As a result, in total we have:

$$ 1 + (N - 1) \times 2 = 2N - 1 \text{ total parameters}$$

It turns out that, we didn't just reduce the number of parameters drastically but also the representation capacity. Obviously a model with exponential size parameters and a model with linear size parameters does not have the same capacity. Can't we just create an expressive but yet efficient model that makes no conditional assumption?

🍁 Autoregressive Models

The main idea behind Autoregressive Models is representing the conditional distributions with Neural Networks without making any conditional independence assumption. All we need to do is parameterizing the conditional distributions with some weight vector θ.

Figure 6: Graphical Representation of Parameterized Dependencies over N Random Variable

An important note here, as you can see in the figure above there is no conditional assumption in autoregressive models, all the random variables depends each and every random variable preceding it and furhter, dependence is provided by parameters θ. We can represent the joint distribution as:

$$P(x_1, ..., x_N) = P(x_1)\prod_{j=2}^N P_{Neural}(x_j| x_1, ..., x_{j-1}; θ) \tag{7}$$

In the above representation of chain rule, probabilities with Neural subscript are special functional form for conditionals.

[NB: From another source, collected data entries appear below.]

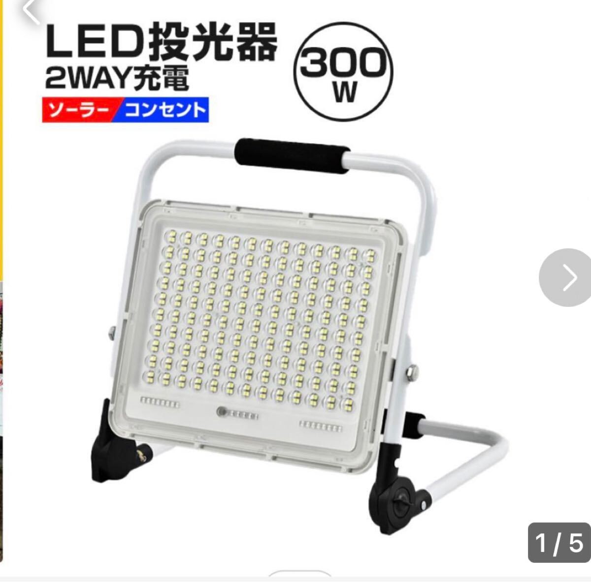 LED 投光器 2WAY充電式 300W 作業灯 ソーラー・コンセント両用 屋外 防水 明るい ワークライト 防災グッズ キャンプ
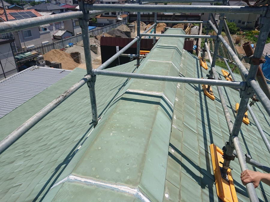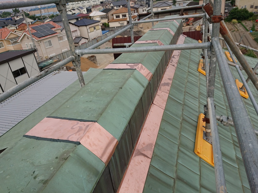 岸和田市H様邸の銅板晒し葺きの屋根の雨漏り修理の施工事例です。
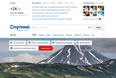 Он располагается по адресу sputnik.ru. Среди разделов «Спутника» — «Удобная Россия», «Мой дом», «Лекарства». «Удобная Россия» выводит на страницу, где собраны популярные поисковые запросы, такие как «Восстановление водительских прав», «Материнский капитал» и «Регистрация брака».
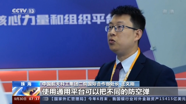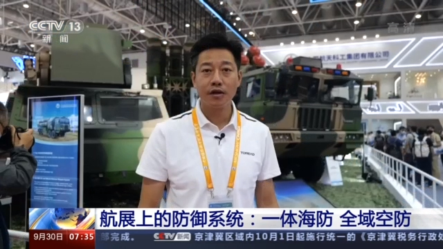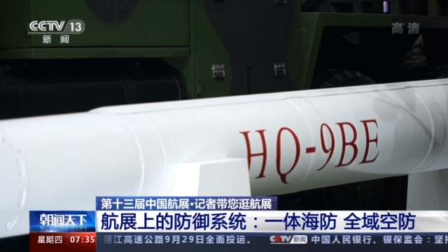 总台央视记者 李宁:在本届航展上,防务展区也是一大亮点,在防空体系展区里,各类远程、中远程、中程、近程导弹武器系统一起组成了全空域的防空体系。
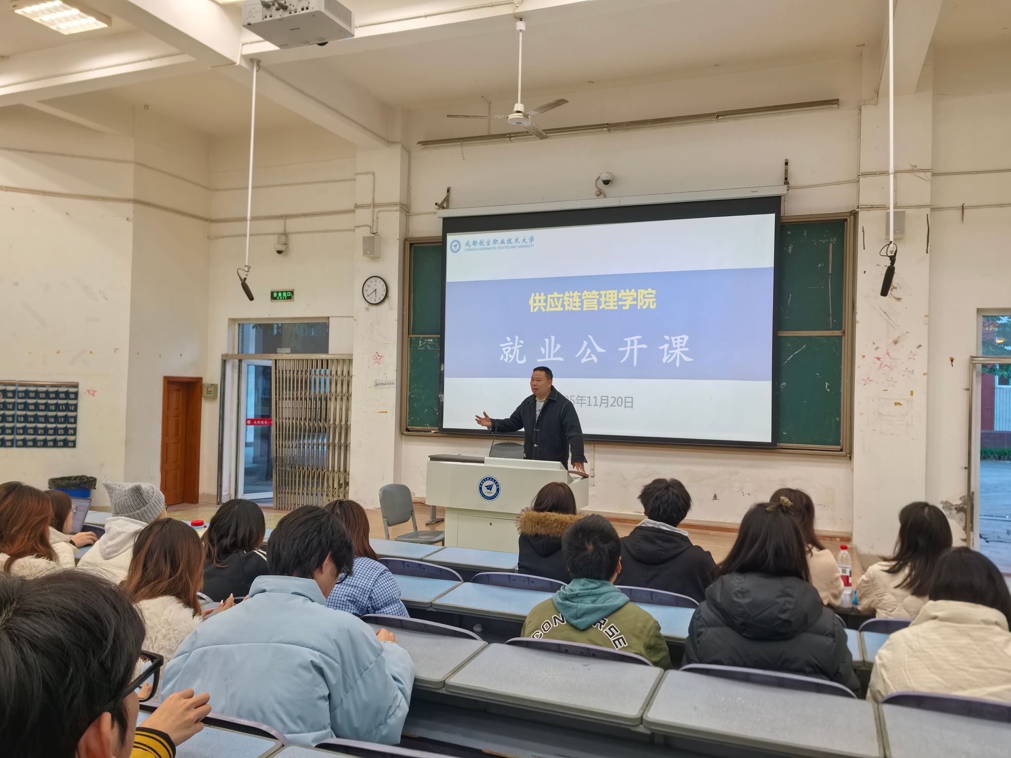 为切实做好2026届毕业生就业服务工作,帮助大三学生提前明晰就业流程、破解学业与就业关键难题1120日, 供应链管理学院在学院学生工作负责人赖启财主持下,成功举办大三学生就业指导公开课。学生会团总支书记李梅老师、学生会指导老师鲜府芸、就业指导老师权丽华及全体大三学生共同参与此次活动,为学生未来就业与学业发展筑牢基础。

On the other hand, the very first random variable is drawn from a known distribution. It is best understood by giving a concrete example. Suppose we have an access to a Binarized Icon Dataset in which each element of the dataset is of size 7 x 7.

More explicitly, we can write the equations describing above autoregressive image generative models as following:

$$ P(x_1 = 1; θ_1) = θ_1 \hspace{80px} P(x_1 = 0; θ_1) = 1 - θ_1 \tag{8}$$

The very first random variable does not depend any other random variable so it is drawn from Bernoulli Distribution with a success parameter θ₁. A significant remainder here is that P(x₁ ; θ₁) is not a neural network.

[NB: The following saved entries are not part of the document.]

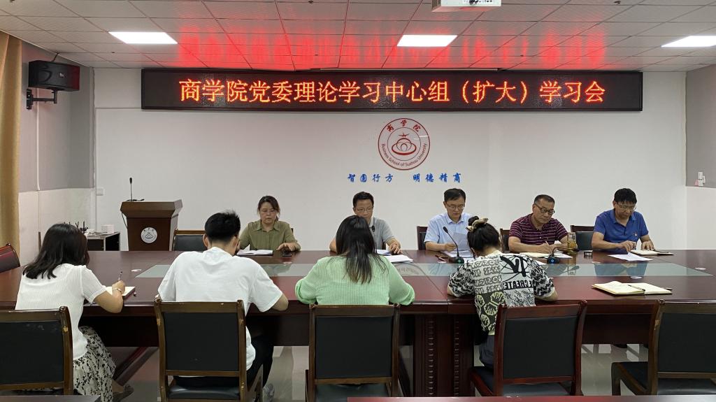 7月4日上午,商学院在实训楼B517会议室召开党委理论学习中心组(扩大)学习会。各党委委员参加会议,各支部书记列席会议。会议由党委书记肖良主持。
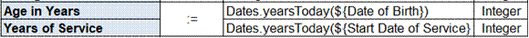 These variables will be automatically calculated as the number of years from today until “Date of Birth” and “Start Date of Service” correspondingly.
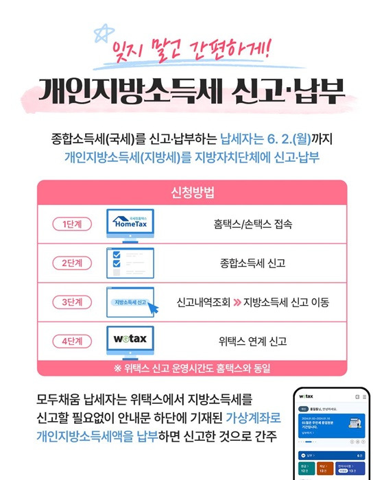 한편, 종합소득세 신고자라면 개인지방소득세(지방세) 신고도 함께 이뤄져야 합니다. 국세인 종합소득세와는 별도로 지방자치단체에 신고·납부해야 하며, 위택스를 통해 간편하게 신고할 수 있습니다. 특히 모두채움 납세자의 경우, 안내문에 적힌 가상계좌로 지방세를 납부하면 자동으로 신고한 것으로 간주되므로 편리함을 활용하시기 바랍니다. 또한, 종합소득세의 납부기한이 연장된 경우에는 개인지방소득세의 납부기한도 자동으로 연장되며, 지자체에 별도로 연락하거나 신청할 필요 없이 적용됩니다.
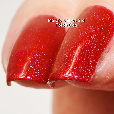 This is really a beautiful red holo, it looks so good on your nails :-)
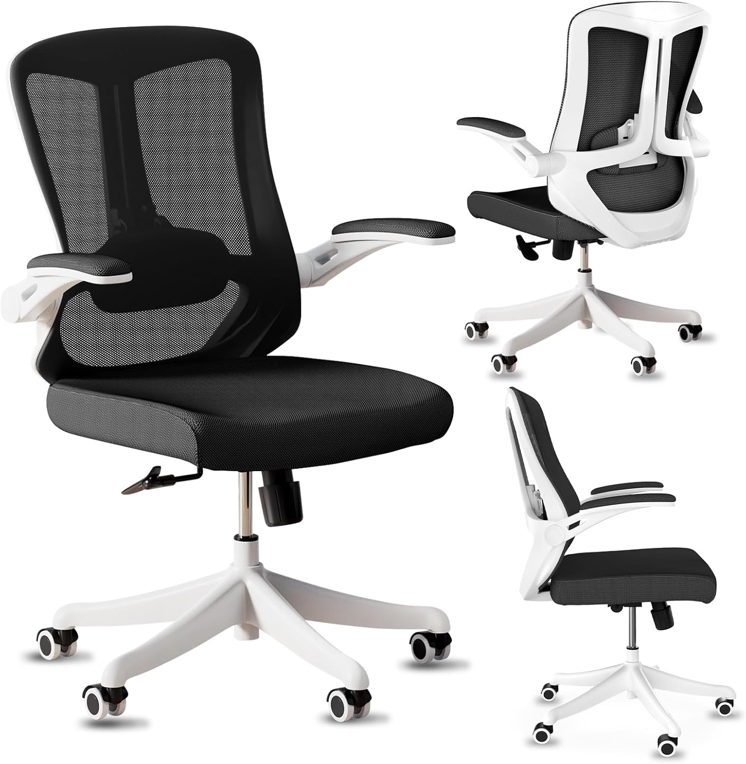 - 【Function and Design】Ergonomic design helps the backrest has prominent lumbar support to help you maintain a relaxed posture during long hours of work or study, comfortable mesh with back support points can fit the natural curvature of the spine, the armrests of the computer chair can provide comfortable support for the arms, and it can be flipped up when not in use, effectively saving space
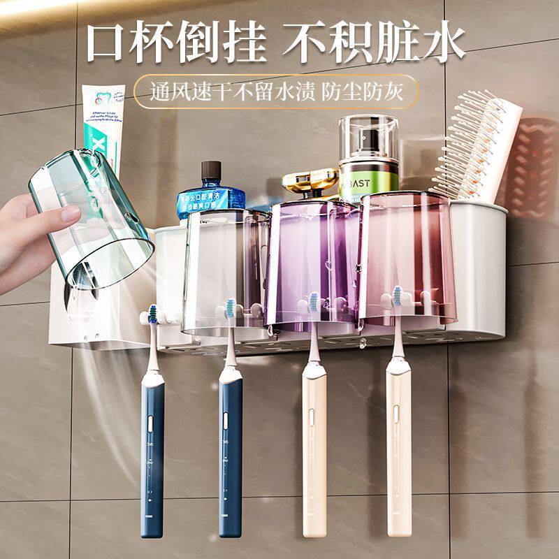 牙刷置物架免打孔卫生间漱口杯牙杯牙刷架子壁挂家庭牙具牙膏套装

$$ P_{Neural}(x_2 = 1 | x_1; \theta_2) = \sigma(\theta^2_0 + \theta^2_1 \times x_1) \tag{9}$$

$$ P_{Neural}(x_3 = 1 | x_1, x_2; \theta_3) = \sigma(\theta^3_0 + \theta^3_1 \times x_1 + \theta^3_2 \times x_2) \tag{10}$$

Where sigma is a non-linear function. Often, the result of the P_Neural is considered as a logit and it is represented as:

$$ P_{logit} = P_{Neural}$$

Let's attribute for what a logit is and why this result is associated with the term logit. The logit L of a probability P is defined as:

$$ L = ln\frac{P}{1-P} \tag{11}$$

which is the natural logarithm of odds. There are two important properties of logit. Firstly, the range of the logit is (-∞, ∞). Secondly, the inverse of the logit function is the sigmoid function:

$$ P = \frac{1}{1 + e^{-L}} = Sigmoid(L) \tag{12}$$

As a summary, logits are unnormalised predictions which are then normalised via softmax. Now, we know the main motivation behind autoregressive models and how a simple autoregressive model is structured. Next, we are going to take a look at the objective of autoregressive models.

🍁 Main Objective

Autoregressive models are explicit models which further means that they optimize the underlying joint distribution directly via Maximum Likelihood Estimation (MLE). Most importantly, maximizing the MLE objective is not an arbitrary choice but is a natural consequence of KL divergence between P_data and P_model. In this section we will take a look at the natural relation between the KL Divergence and Maximum Likelihood Estimation.

🍁 KL & MLE Relationship

The ultimate goal of an autoregressive model is capturing the underlying probability distribution of the data. To quantify how close two distributions are we attempt to minimize the KL Divergence between the data distribution P_data and distribution captured by an autoregressive model P_model:

$$ \underset{\theta}{\text{minimize}} \hspace{30px} KL(P_{data}(x) || P_{model}(x ;\theta)) \tag{13}$$

If we write the open form of KL to eliminate the terms which do not depend on parameter theta, we obtain:

$$ \underset{\theta}{\text{minimize}} \hspace{30px} \sum_x P_{data}(x) log \frac{P_{data}(x)}{P_{model}(x;\theta)} \tag{14}$$

$$ = \underset{\theta}{\text{minimize}} \hspace{30px} \sum_x P_{data}(x) log P_{data}(x) - \sum_x P_{data}(x) log P_{model}(x;\theta) \tag{15}$$

Where the first term is called the negative entropy of the random variable X and does not depend on the parameter theta. If we eliminate this term and write the second term as an expectation we obtain:

$$ = \underset{\theta}{\text{minimize}} \hspace{30px} -\mathbb{E}_{x \sim P_{data}}[log P_{model}(x;\theta)] \tag{16}$$

$$ = \underset{\theta}{\text{maximize}} \hspace{30px} \mathbb{E}_{x \sim P_{data}}[log P_{model}(x;\theta)] \tag{17}$$

As the last step, applying the Law of Large Numbers to get rid of expectation term yields:

$$ = \underset{\theta}{\text{maximize}} \hspace{30px} \underset{n \rightarrow \infty}{\text{lim}} \sum_{i=1}^n logP_{model}(x^{(i)};\theta) \tag{18}$$

$$ = \underset{\theta}{\text{maximize}} \hspace{30px} logP_{model}(x;\theta) \tag{19}$$

$$ = \underset{\theta}{\text{maximize}} \hspace{30px} P_{model}(x;\theta) \tag{20}$$

$$ = \theta_{MLE} \tag{21}$$

As the summary, since autoregressive models are likelihood based, as a consequence of minimizing the KL Divergence between the true underlying distribution and the distribution represented by the model we estimate the model parameters. It turns out that estimating the model parameters in this fashion equivalent to maximum likelihood estimation. In practice we minimize the negative log likelihood.

🍁 Inference and Sampling

A consequence of the parameterization of the an autoregressive model is that the weight matrix is a lower triangular matrix.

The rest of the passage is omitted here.